The monophosphate 5′-nucleotidases are ubiquitous enzymes that catalyze the dephosphorylation of nucleoside monophosphates and regulate nucleotide and nucleoside pools in cells1^,2. In addition to their physiological role, these enzymes also are involved in regulating the activation of nucleoside analogues and thus affect the efficacy of anti-cancer and anti-viral treatments3. To interfere with DNA synthesis, nucleoside analogues must be activated by intracellular kinases. Both clinical and in vitro studies have suggested that an increase in nucleotidase activity can inhibit nucleoside analogue activation and result in drug resistance. Both cytosolic and mitochondrial human deoxynucleotidases appear to be attractive targets for development of specific inhibitors to circumvent drug resistance.

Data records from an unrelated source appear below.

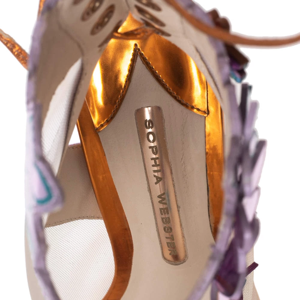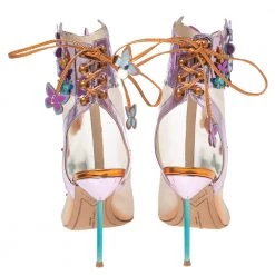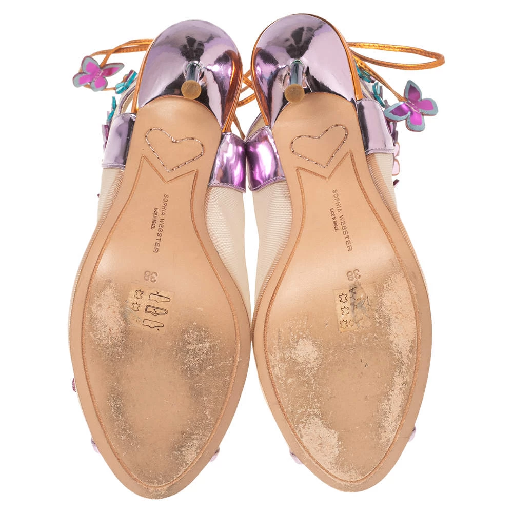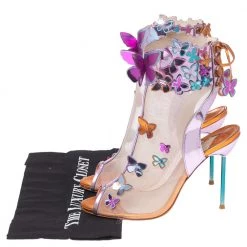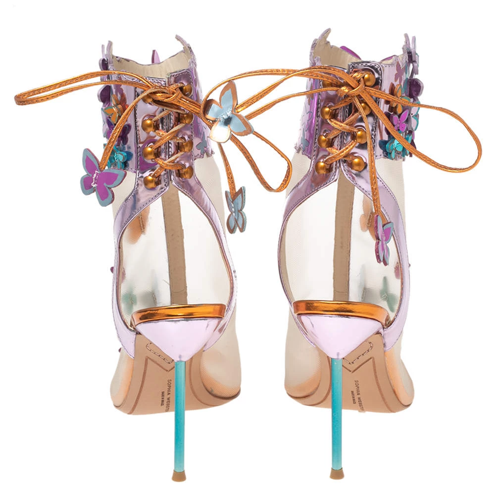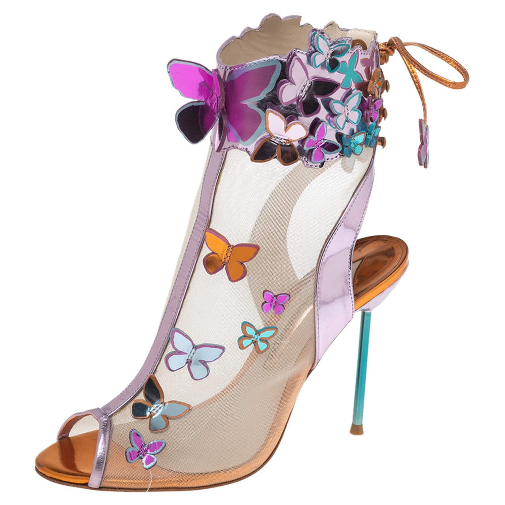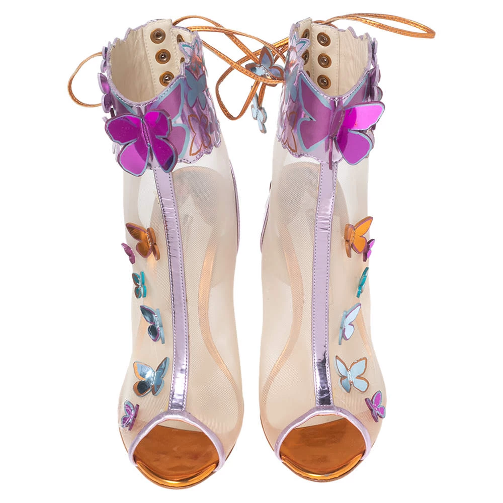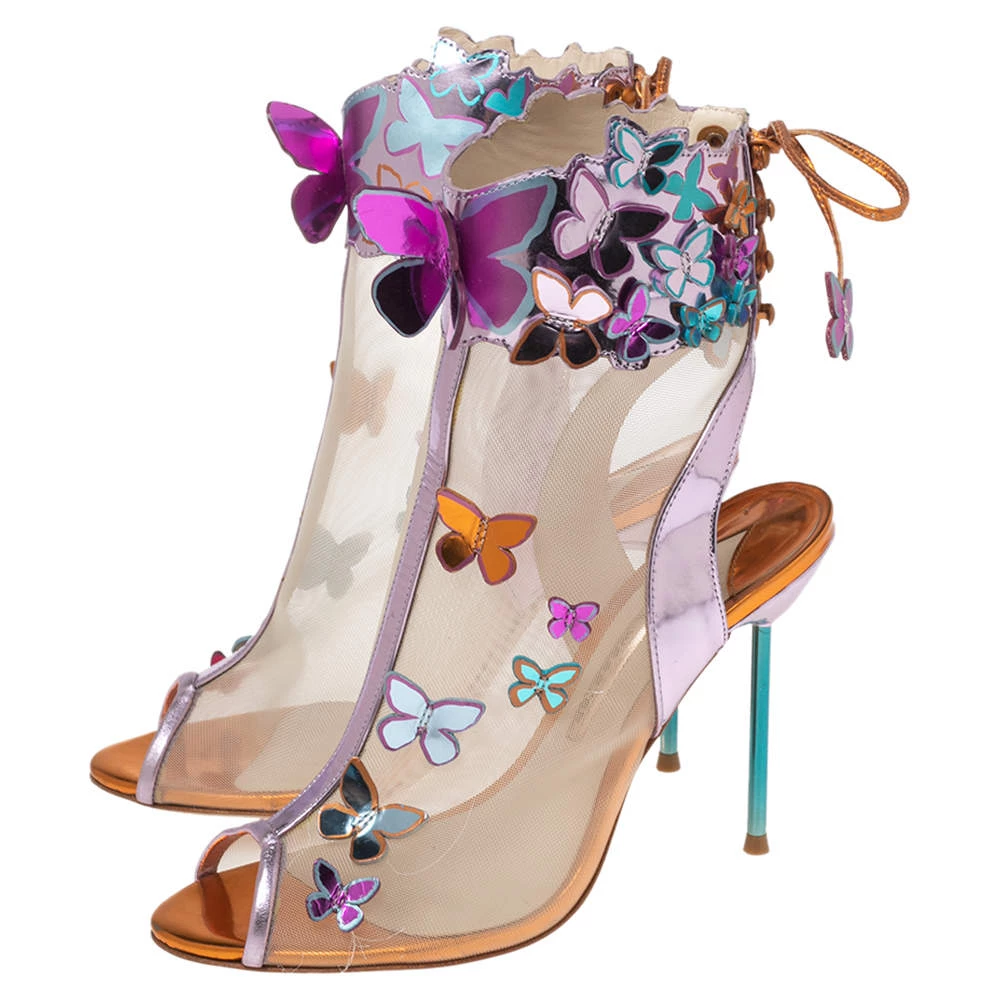 Meticulously crafted to perfection, these beautiful boots from Sophia Webster will certainly make you look fabulous! They are made from multicolored net and leather into an ankle-length silhouette. Their shape is elevated with multicolored Butterfly appliques, peep-toes, and pointy heels.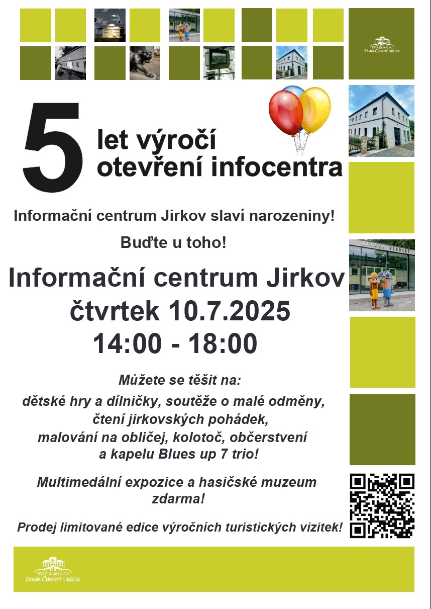 Jirkov – Informační centrum Jirkov dnes slaví své páté narozeniny. Od 14 do 18 hodin čeká návštěvníky bohatý program plný dětských her, tvořivých dílniček, soutěží o odměny, čtení jirkovských pohádek. Otevřené budou zdarma oblíbené expozice – multimediální výstava o Jirkovu i jediné hasičské muzeum svého druhu v republice..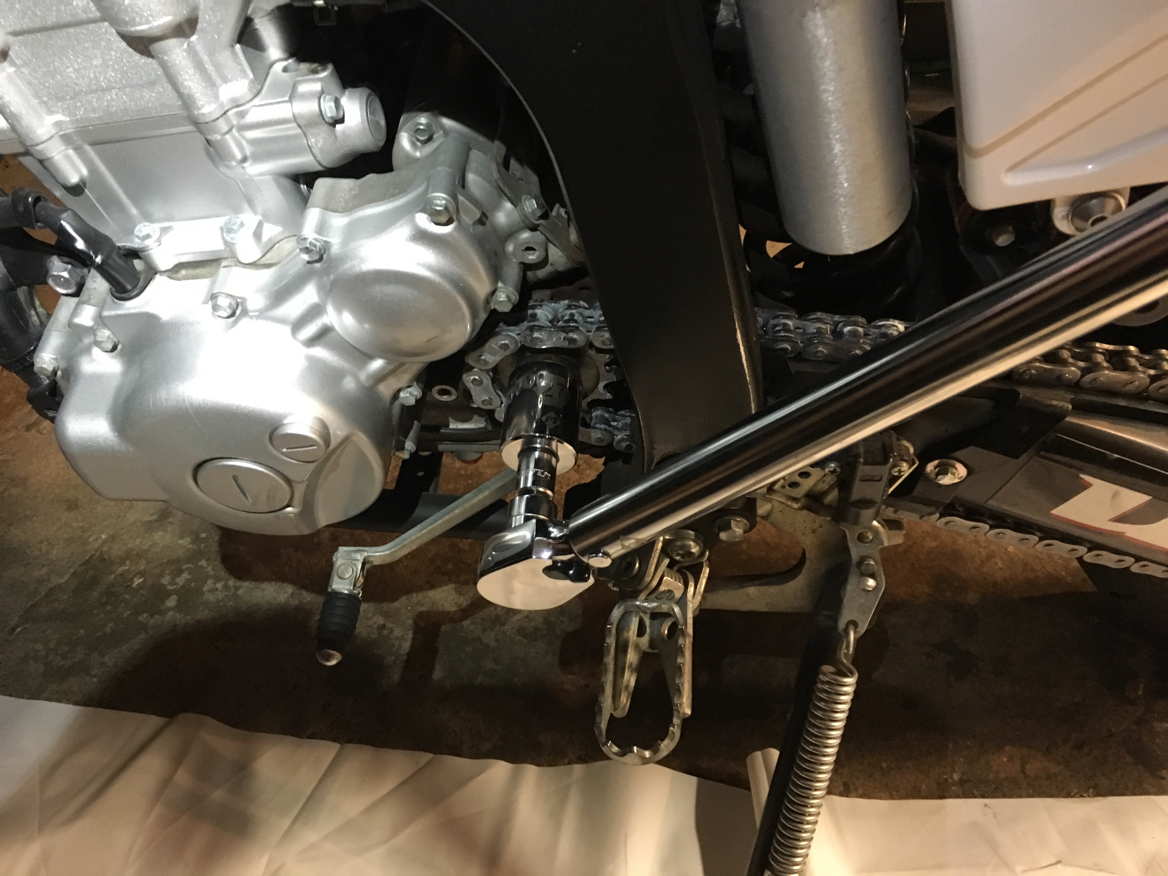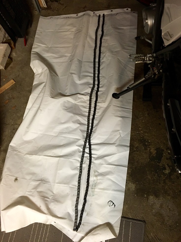 Next, run the chain over the drive shaft (making sure to route it behind the frame and swing arm) and pick a spot on the chain return (lower part of the chain) so you can join both ends with the master.
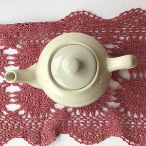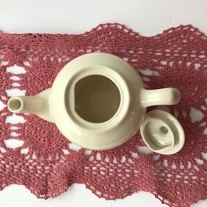 Interpur Teapot made in Taiwan ROC. Pretty rose design of pink and green on a cream white . Aprox 6” height 9” across.**last photo shows hairline crack in glaze only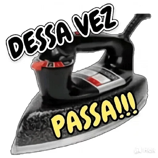 Um ferro de passar roupa preto com o texto 'DESSA VEZ PASSA!!!' sobreposto. O ferro tem detalhes em vermelho e prata.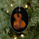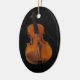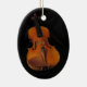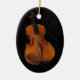 This holiday ornament presents a classical still life of an elegant old violin. This graceful instrument is essentially a hollow wooden box with rounded ends, two graceful f holes and a narrow center. The four sets of strings extend from a string holder at the bottom of the body over a raised bridge to the end of the narrow neck, or fingerboard where the four strings are inserted into a pegbox and are held there with pegs. The pegs are used to tune the violin. When the bow is drawn across the strings on the body of the violin it produces incredible, magical music! The gorgeous golden brown, almost orange tones are set off by graceful black velvet fabric.

To date, seven human 5′-nucleotidases with different substrate specificities, cellular locations and tissue-specific expression patterns have been cloned and characterized (reviewed in Ref. 1). Among these enzymes, cytosolic 5′(3′)-deoxyribonucleotidase (cdN) and mitochondrial 5′(3′)-deoxyribonucleotidase (mdN) specifically dephosphorylate the deoxyribo form of nucleoside monophosphates, with dUMP and dTMP being their preferred substrates. These two enzymes share 52% sequence homology and similar gene organization, suggesting that their genes originated from gene duplication. The preference of these enzymes for deoxyribonucleosides, which several drugs are designed to mimic, makes 5′(3′)-deoxyribonucleotidases good candidates for mediating drug resistance. Several nucleoside analogue drugs have proven to be substrates for cdN3, and thus this cytosolic enzyme is considered a target for development of inhibitors to increase the efficacy of clinically used nucleoside analogues.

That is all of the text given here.